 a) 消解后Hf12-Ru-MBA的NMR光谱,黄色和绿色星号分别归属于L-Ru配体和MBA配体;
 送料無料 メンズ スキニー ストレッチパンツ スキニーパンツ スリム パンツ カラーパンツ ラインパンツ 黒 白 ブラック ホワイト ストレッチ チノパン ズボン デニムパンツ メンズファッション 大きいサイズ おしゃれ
•••
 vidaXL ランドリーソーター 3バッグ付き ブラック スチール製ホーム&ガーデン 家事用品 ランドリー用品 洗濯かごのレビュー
•••
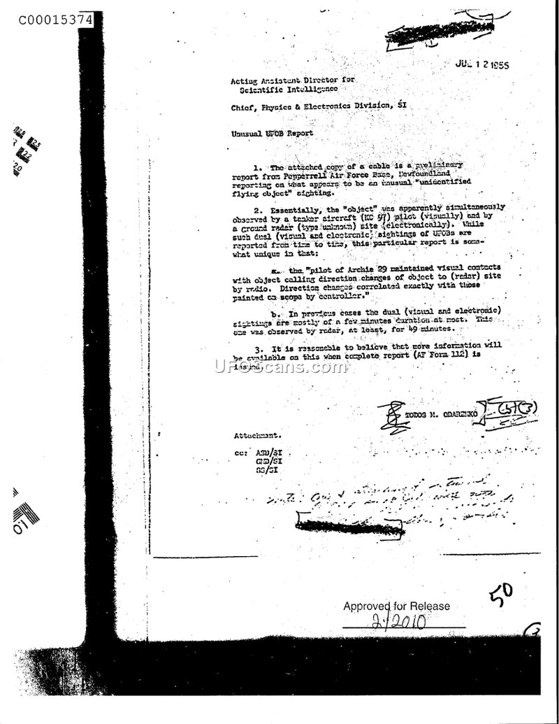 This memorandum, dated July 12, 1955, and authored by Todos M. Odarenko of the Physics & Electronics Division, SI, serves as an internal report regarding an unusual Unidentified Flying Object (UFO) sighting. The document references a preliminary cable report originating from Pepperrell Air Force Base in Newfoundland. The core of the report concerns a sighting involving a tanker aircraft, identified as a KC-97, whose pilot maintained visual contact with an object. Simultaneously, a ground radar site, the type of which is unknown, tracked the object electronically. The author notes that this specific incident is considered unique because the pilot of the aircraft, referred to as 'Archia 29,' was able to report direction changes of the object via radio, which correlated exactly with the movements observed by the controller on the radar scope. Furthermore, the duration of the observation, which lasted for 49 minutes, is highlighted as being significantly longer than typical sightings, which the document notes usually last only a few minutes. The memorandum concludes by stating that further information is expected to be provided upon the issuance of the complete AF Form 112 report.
•••
Show every line above in which the word "ブラック" is found.

 送料無料 メンズ スキニー ストレッチパンツ スキニーパンツ スリム パンツ カラーパンツ ラインパンツ 黒 白 ブラック ホワイト ストレッチ チノパン ズボン デニムパンツ メンズファッション 大きいサイズ おしゃれ
 vidaXL ランドリーソーター 3バッグ付き ブラック スチール製ホーム&ガーデン 家事用品 ランドリー用品 洗濯かごのレビュー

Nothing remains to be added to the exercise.